I Guess It Was the Spirit

“Why did you talk to me?” Ty asked my friend Tre over text later that afternoon.

Tre answered, “We prayed that the Holy Spirit would guide us and that’s what happened.”

Well, Tre, that’s not exactly what it felt like.  But why wouldn’t it be true? What does my feeling have to do with the reality? Why am I praying for that (because I definitely did pray for that) if I don’t think it will happen? Why do I wonder if it did happen the way I asked for when it happened? Tre was teaching me something about life in the Spirit.

Thanks, Tre

Tre is 25 (more than 10 years younger than me) and he is my teacher. He is on staff with Intervarsity, a parachurch college ministry that wants to help evangelize campuses across the country. He was heavily influenced by Intervarsity’s work when he was a college student (not that long ago) and now he has dedicated his life to starting new chapters in our South Jersey Region. He started one at Rowan College at Burlington County (RCBC). I’m helping him start one at Rowan College at Gloucester County College (RCGC) . And he has designs to start one at Camden County College in the fall. I love this guy!

He recently wrote, “A question for us to bring to the Lord is ‘Lord, what is it you want to do at RCGC? What do you want to do through us? God, give us a authoritative vision for how to mark your campus. Give us courage to act, the power to love, and unity in purpose.” That’s a good prayer! Have you ever prayed anything like that?

Our confidence does not come from our confidence. Our courage does not come from our courage. The places we inhabit are not our places. It’s all God’s.

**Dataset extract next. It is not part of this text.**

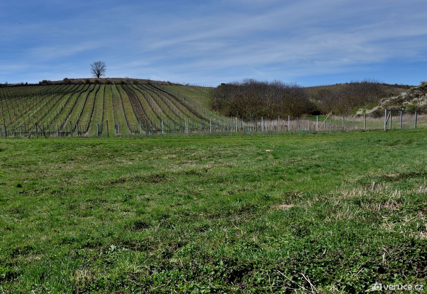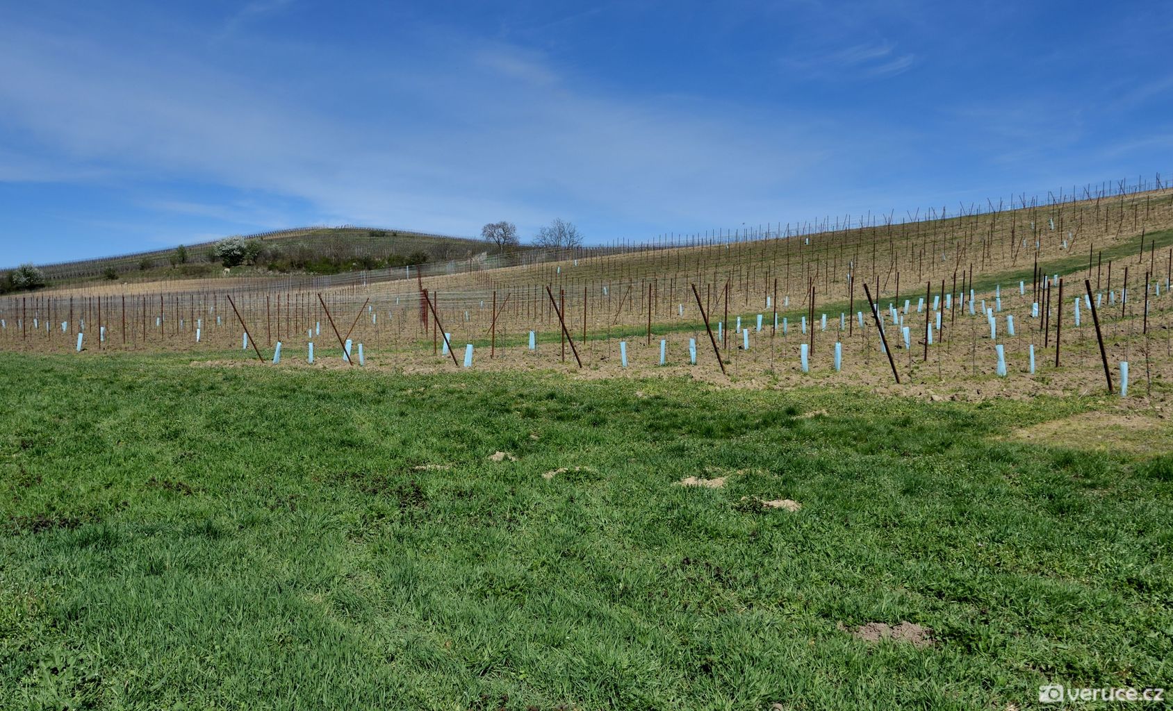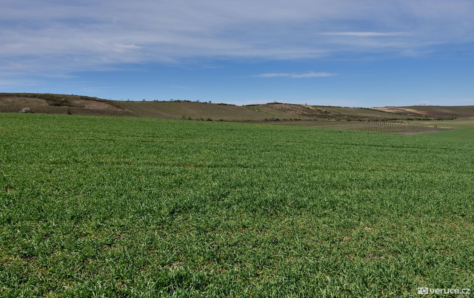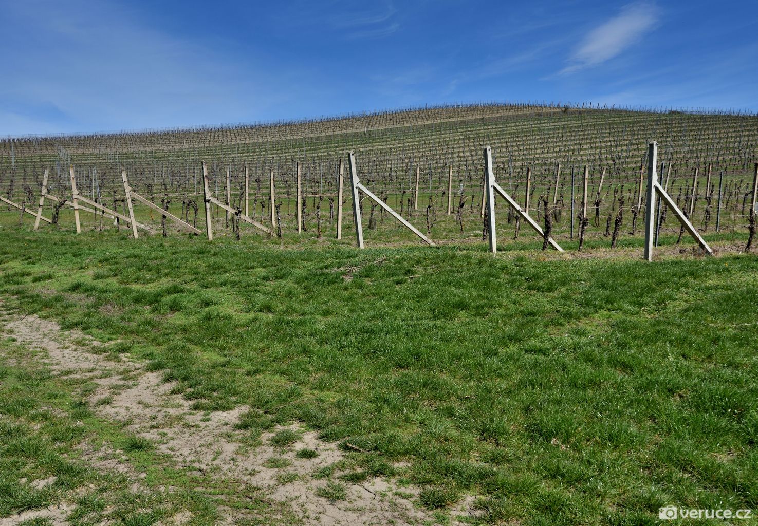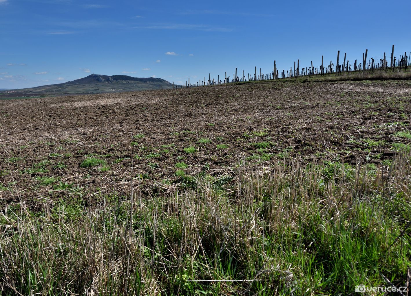 Jistě vás, stejně jako mě, zajímá, kde se mezi vinicemi v mírně zvlněné krajině vzal ten nápadný terasovitý kopec, k němuž jsme z Růžové hory následně zamířili. Rozluštění této záhady je poměrně snadné, protože se o žadnou záhadu nejedná. Velká Slunečná není žádná stupňovitá pyramida, byť ji trochu připomíná, ale obyčejný vrch, na němž byla v 60. letech minulého století provedena terasovitá úprava coby příprava pro budoucí vinici. Důvod k tomuto kroku byl prostý – prudké svahy se špatně obhospodařovávaly. Na zasetí vinné révy už ale nedošlo.
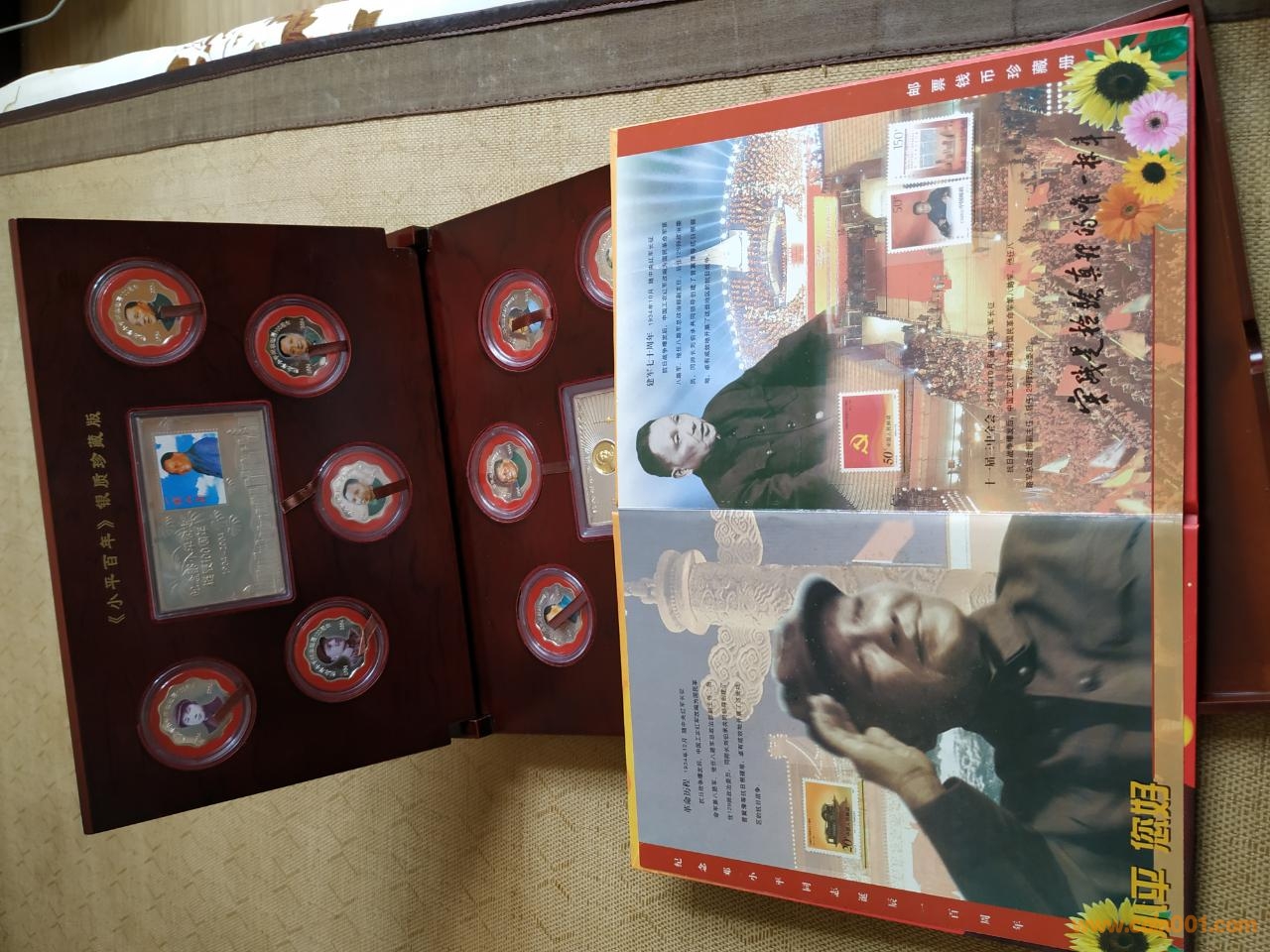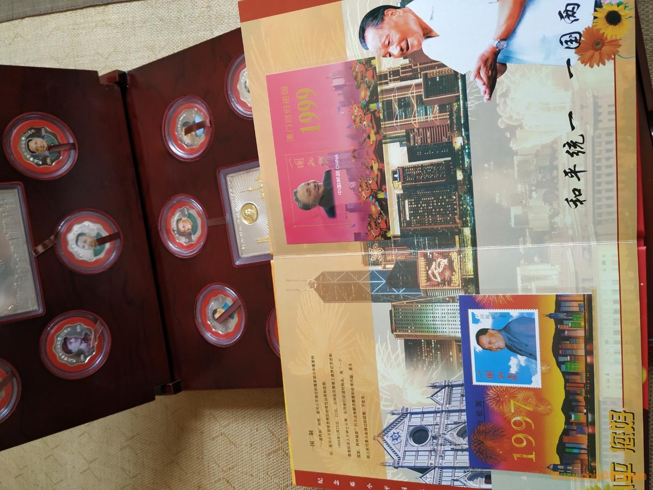 現(xiàn)低價(jià)出售鄧小平百年銀質(zhì)紀(jì)念章,郵票珍藏冊(cè)一套,包含鄧小平從少年到老年個(gè)時(shí)期的銀質(zhì)紀(jì)念章十枚,銀質(zhì)薄片一枚,銀質(zhì)銀磚一塊,以及澳門,香港回歸小型張等多種紀(jì)念郵票,具有極高的收藏價(jià)值,價(jià)格750元,包郵。

When I walked up to Ty in the cafeteria I didn’t think about it too much. He was sitting by himself and did not have earbuds in or even a phone out. He seemed available and approachable so I gravitated toward him. We kind of freaked him out because it seemed so timely. He had been thinking (even dreaming) about his relationship with God a lot recently and he wasn’t sure what all that meant. Ty (whose name I changed for this story) didn’t really connect to the Bible Study that Tre and I  started, but his response to our invitation has me thinking about the stories I tell and the possibilities of the Spirit that I might be missing.

How The Bible Tells Me So

Here’s a favorite story about evangelism in the Bible:

Acts 8:26-38 Now an angel of the Lord said to Philip, “Go south to the road—the desert road—that goes down from Jerusalem to Gaza.” So he started out, and on his way he met an Ethiopian eunuch, an important official in charge of all the treasury of the Kandake (which means “queen of the Ethiopians”). This man had gone to Jerusalem to worship, and on his way home was sitting in his chariot reading the Book of Isaiah the prophet. The Spirit told Philip, “Go to that chariot and stay near it.”

Then Philip ran up to the chariot and heard the man reading Isaiah the prophet. “Do you understand what you are reading?” Philip asked.

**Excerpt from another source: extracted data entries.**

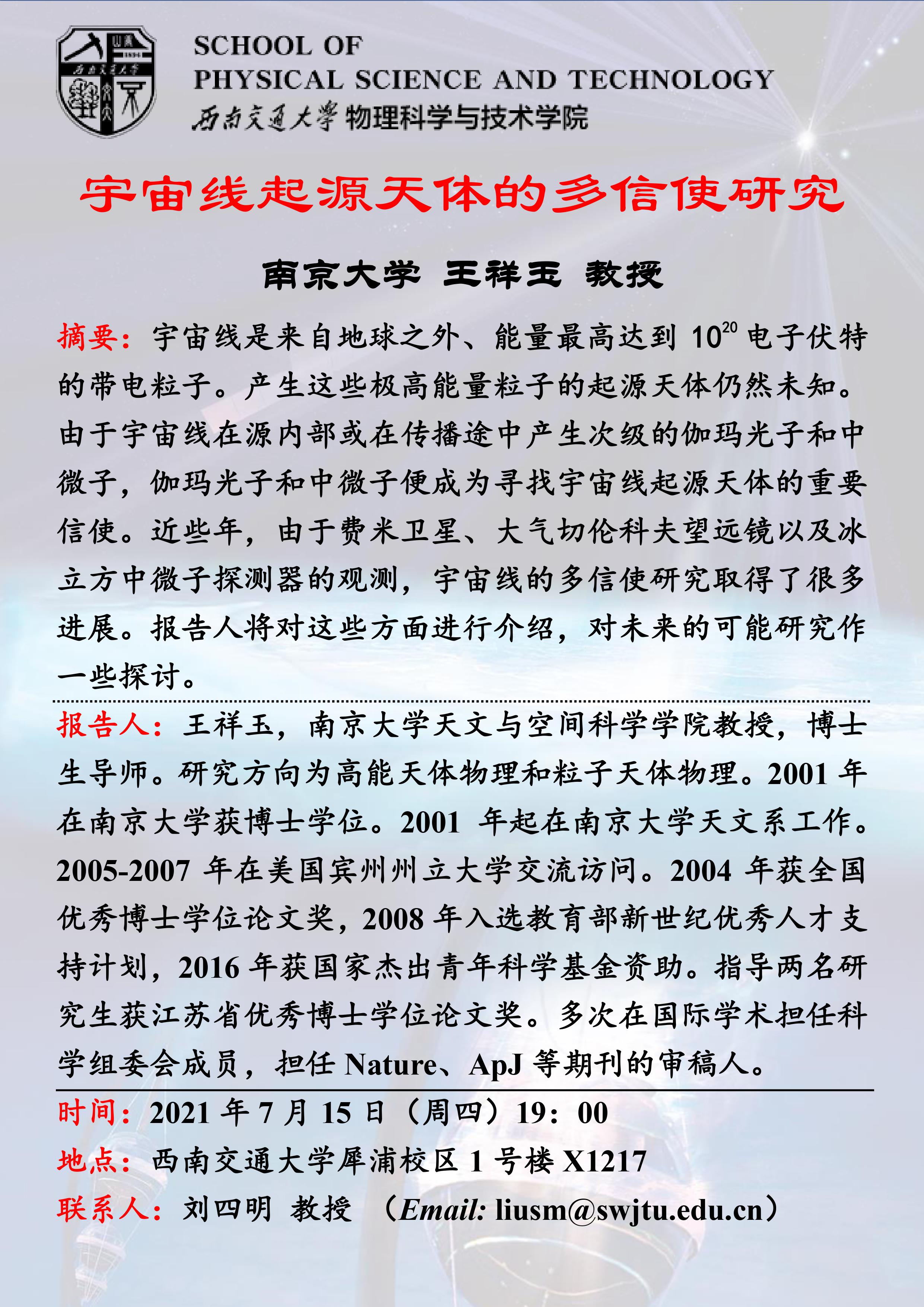 报告人简介:王祥玉,南京大学天文与空间科学学院教授,博士生导师。研究方向为高能天体物理和粒子天体物理。2001年在南京大学获博士学位。2001年起在南京大学天文系工作。2005-2007年在美国宾州州立大学交流访问。2004年获全国优秀博士学位论文奖,2008年入选教育部新世纪优秀人才支持计划,2016年获国家杰出青年科学基金资助。指导两名研究生获江苏省优秀博士学位论文奖。多次在国际学术担任科学组委会成员,担任Nature、ApJ等期刊的审稿人。
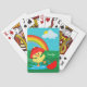 Cute Happy Duck in Rain with Rainbow Playing Cards
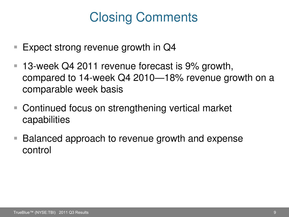 8 SG&A Expense Change TrueBlue™ (NYSE:TBI) 2011 Q3 Results $0 $10 $20 $30 $40 $50 $60 $70 $80 Q3 2010 Actual Variable Expenses People Investments Other Q3 2011 Actual +$6M $64M +$2M +$1M $73M
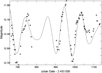 In order to understand what might account for V725's unique behavior, it is worth reviewing what is known about the nature of Population II Cepheids. Population II stars are older than the sun, and have masses similar to or less than that of the sun. They generally have lower abundances of the elements heavier than helium than the sun does. Population II Cepheids have periods of about 1 to 100 days. The short-period stars are called BL Herculis stars, the long-period stars generally have RV Tauri characteristics -- alternating deep and shallow minima. That leaves the medium-period stars, which are called W Virginis stars. You will find good articles, in the Variable Star of the Month/Season archives, on W Vir (Davis, 2003) and on the RV Tauri stars U Mon (Malatesta, 2003) and R Sct (Malatesta, 2000).
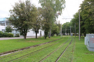 An dieser Stelle wird sich vsl. ab 2032 der Nahverkehrsknoten Linz Urfahr-Ost befinden, hier von Süden aus gesehen. Oben die Lokalbahn, unten die Straßenbahn. Dazu soll die Straßenbahn an dieser Stelle unter die Erde verlegt werden, wodurch die Linzer Straßenbahn neben dem Tunnel am Hauptbahnhof einen zweiten unterirdischen Abschnitt bekommen wird. Die Kehrschleife links wird wahrscheinlich in diesem Zusammenhang aufgehoben. |
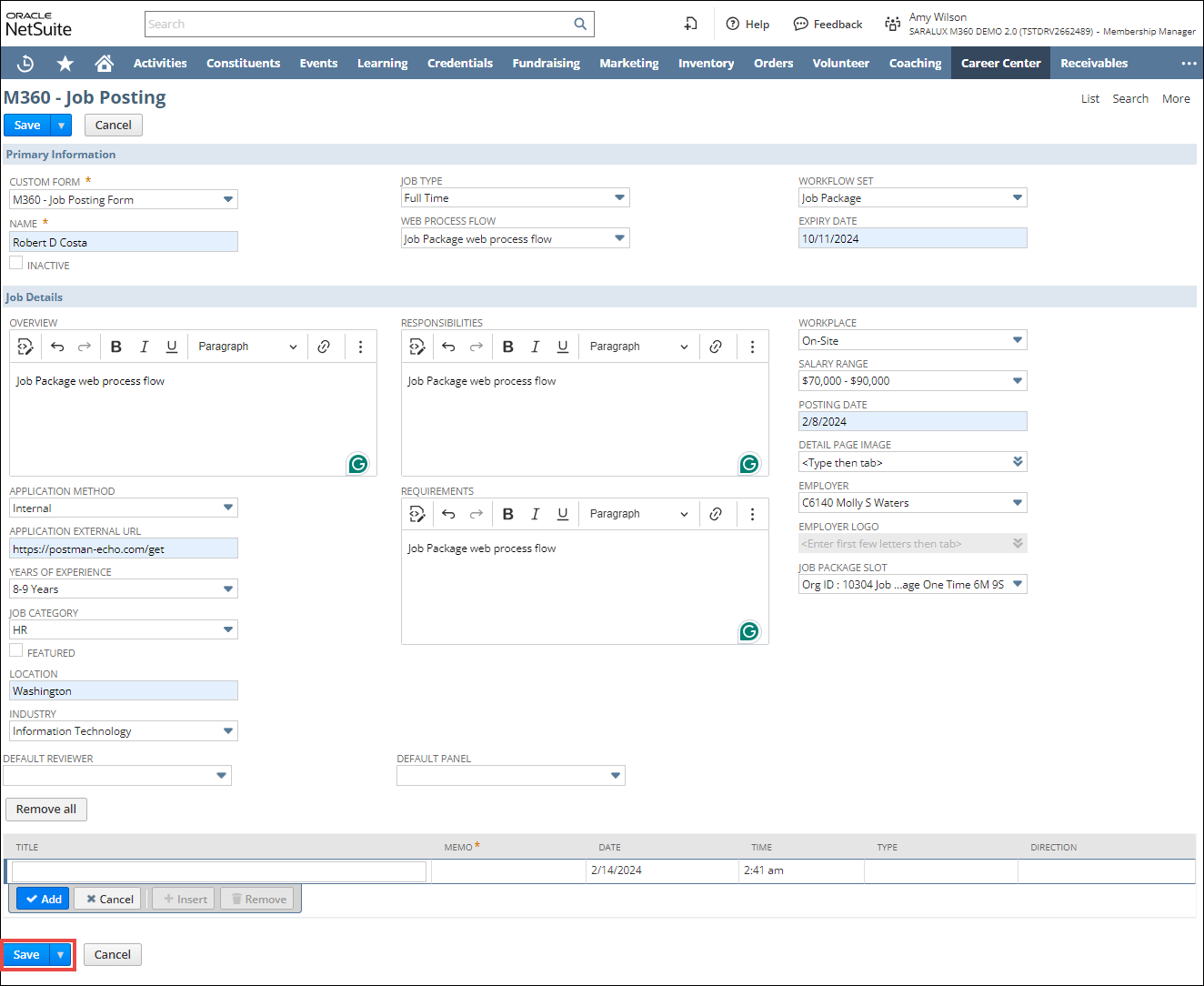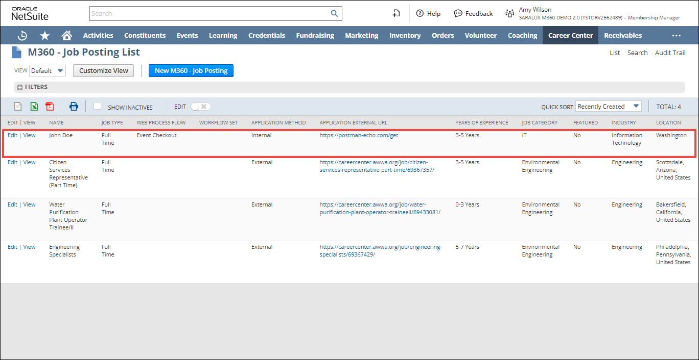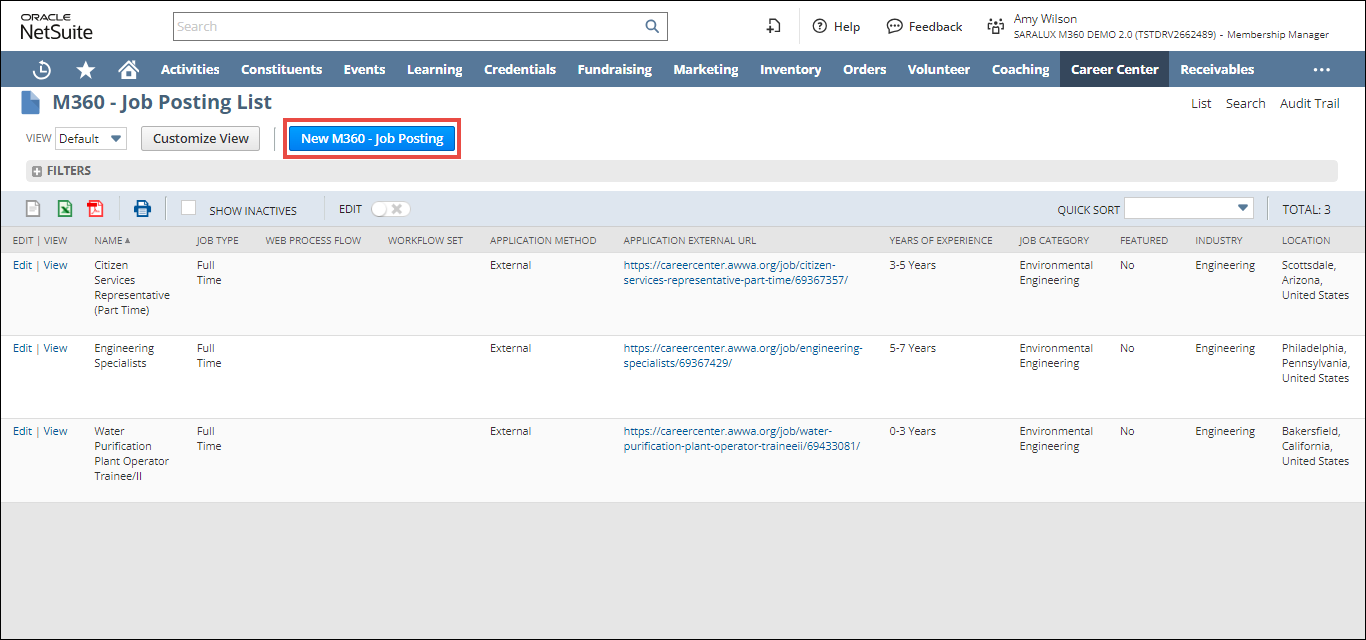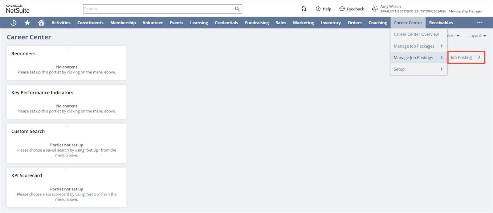 Note: Alternatively, you can create a new job posting by navigating to Career Center > Manage Job Postings > Job Posting and clicking New.

“How can I,” he said, “unless someone explains it to me?” So he invited Philip to come up and sit with him.

This is the passage of Scripture the eunuch was reading:

“He was led like a sheep to the slaughter,
and as a lamb before its shearer is silent,
so he did not open his mouth.
In his humiliation he was deprived of justice.
Who can speak of his descendants?
For his life was taken from the earth.”

The eunuch asked Philip, “Tell me, please, who is the prophet talking about, himself or someone else?” Then Philip began with that very passage of Scripture and told him the good news about Jesus.

As they traveled along the road, they came to some water and the eunuch said, “Look, here is water. What can stand in the way of my being baptized?” And he gave orders to stop the chariot. Then both Philip and the eunuch went down into the water and Philip baptized him.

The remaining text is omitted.